Все ребята подхватили припев, а затем спели с полными стаканами в руках и всю песню.
Настал первый день сдачи зачетов. Длинный с высоким сводом коридор главного корпуса заполнили взволнованные первокурсники. Задолго до них к главной двери подошло существо неимоверного роста в солдатской шинели и приладило над входом малую чертежную доску с надписью: «МУХАМ ВЛЕТ ЗАПРЕЩЕН».
Потом великан распался. Таня соскочила с плеч Шурика и они, оба смеясь, полюбовались своей озорной выдумкой.

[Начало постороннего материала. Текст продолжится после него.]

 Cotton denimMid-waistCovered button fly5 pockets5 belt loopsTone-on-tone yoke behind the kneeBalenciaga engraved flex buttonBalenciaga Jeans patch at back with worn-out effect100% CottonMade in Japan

В полной тишине разлилось волнение во всю ширь коридора, взрываясь бесшумной волной прибоя у группы студентов перед заветной дверью, где должна была явиться на свет Божий первая запись в зачетной книжке. И сделать ее должен был профессор Шумилов Василий Иванович, простой и добрый, а все-таки страшный. Он не отправлял студента вглубь пустой аудитории готовиться. В задних рядах можно и шпаргалкой воспользоваться, и в конспект заглянуть.
Сам он сидел у доски, за длинным столом со стульями для готовящихся к зачету, а отвечающего усаживал рядом с собой. Остальным раздавал предварительные задания.

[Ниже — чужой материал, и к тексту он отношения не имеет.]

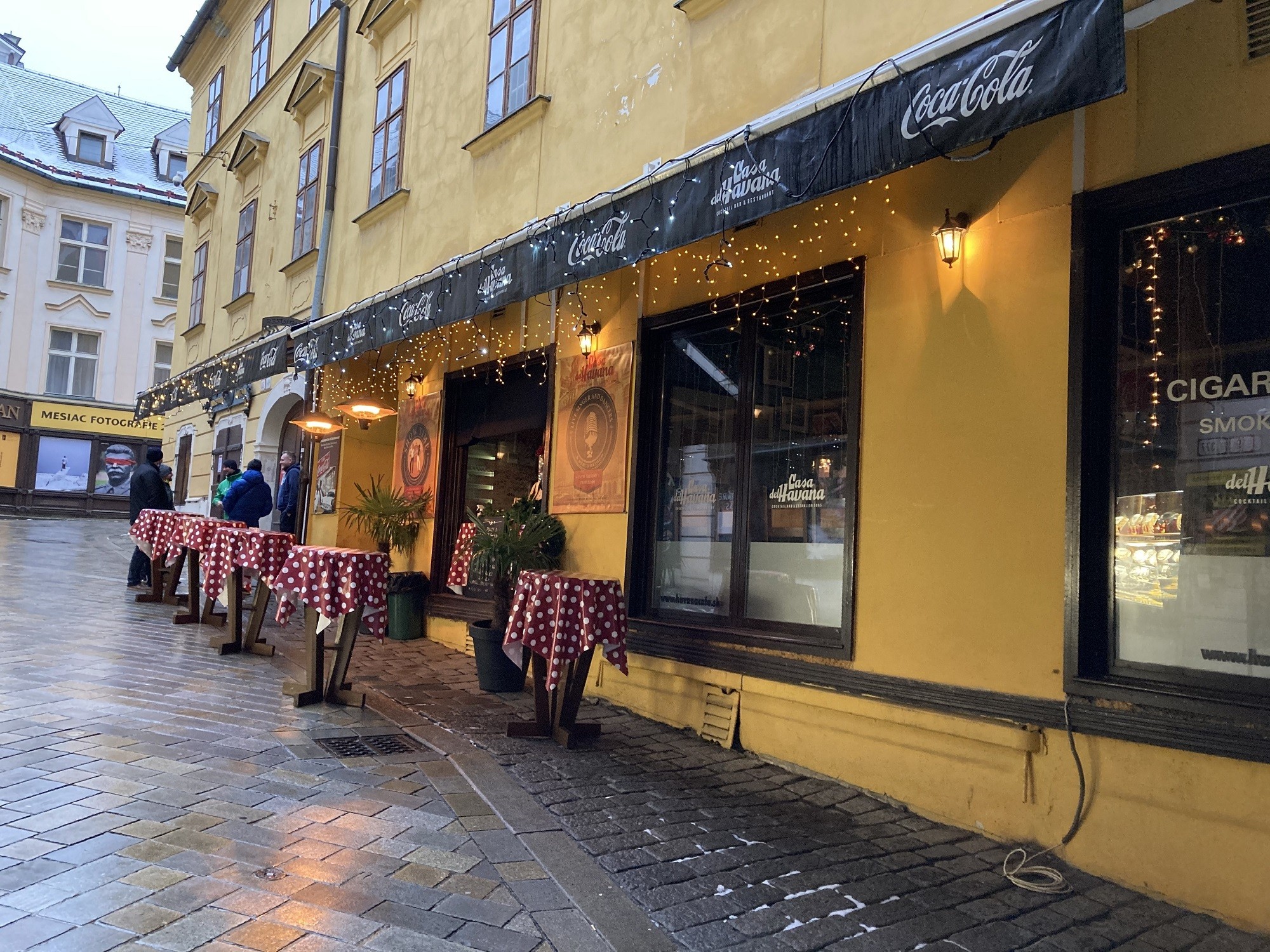 Na Michalskej ulici sme našli ďalšiu, tentoraz Korunovačnú zastávku, a to v coctail bare a reštaurácii Casa del Havana. Ak máte radi punč, tak tu si vyberiete: okrem klasického (3 €) je v ponuke punč Spice (4,90 €), punč Especial (4,90 €), punč Coruba (5,90 €). Môžete si dať aj Mojito Hot (4,90 €), prosecco (3,50 €) či pohár piva (2,20 €). Obslúžia vás cez okienko a drink si vychutnáte postojačky, pri stolíku na ulici.

— И чего вы волнуетесь? — обращался он к приглашенным к столу. — Из-за бесконечно малых величин? О размерах, о которых нельзя сказать: «Еще меньше — нет». Уменьшать можно без конца. Вы едете в поезде и не задумываетесь, как сделан паровоз. Не пытаясь представить себе бесконечно малые величины, можно с их помощью творить математические чудеса. Я пригласил вас не узнать ваши знания. Зачем они мне? Они не так уж нужны и вам. Мне важно ваше понимание, чтобы вы при надобности, взяв нужную книгу, поразмыслив, подобно розмыслам, как называли былых инженеров, решили бы практическую задачу.

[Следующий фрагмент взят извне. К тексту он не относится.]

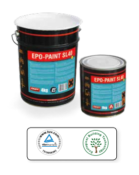 EPOPAINT SL 40 використовується в якості шару покриття на підлозі з високими вимогами до механічної та хімічної стійкості. Він застосовується в цементних підставах, таких як: вирівнюючий розчин підлог, бетон і цемент аміанто. Він ефективно захищає і прикрашає цементні промислові підлоги в лікарнях, виноробнях, молочній промисловості, молочних заводах, кухнях, лабораторіях, бойнях, автомийках, гаражах і механічних майстернях, автозаправних станціях, басейнах і фонтанах. Поверхні, на які наноситься продукт EPOPAINT SL 40, можуть перебувати в безпосередньому контакті з харчовими продуктами. Він наноситься на металеві та дерев'яні поверхні після грунтовки EPOMETAL W-5300, такі як підлоги з листової сталі, МДФ або ДСП. Його покритття кварцовим піском кварцової гранулометрії 0-0, 3 мм створює протиковзкі поверхні.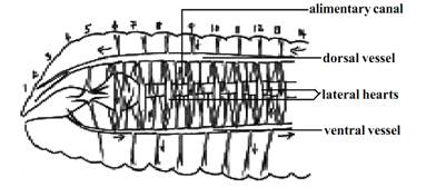 Fig. 1.3.5. Earthworm - Circulatory system-Lateral view

И студенты уходили от него, унося не зачетную книжку с зачетом, а нечто большее.
Возвращая Званцеву зачетную книжку, профессор сказал:
— Жалею, что отменили пятерки. Два плюса прибавил бы вам.
— Магдалину Казимировну обрадовали бы.
— Подождите, подождите. Припоминаю. Сыночек у нее слепенький.
— Так это я и есть.
— Молодец! А Бурмакин-Дуракин восемьдесят процентов с тебя требует.
— Будет и больше, Василий Иванович!
— Ты от меня к кому вожжи держишь?
— К Трапезникову.
— Так ведь сопромат на втором курсе!
— Потому и сдаю.
— Понял. Сразу не сообразил. Хвалю за отвагу!
Трапезников был молодым, высоким, спортивного склада человеком.
Посмотрев зачетную книжку Званцева, он удивленно поднял жгуче-черные глаза:
— Кабинетом не ошибся? Здесь — второкурсники.
— А я за первый курс все сдал.
— Значит: «вперед батьки в петлю лезешь»?
— В петлю ногой, чтобы выше взлететь, как на «гигантских шагах».
— А про что ваш брат говорит, завалив сопромат? Про мат. Отвечай и про татарскую ругань забудь.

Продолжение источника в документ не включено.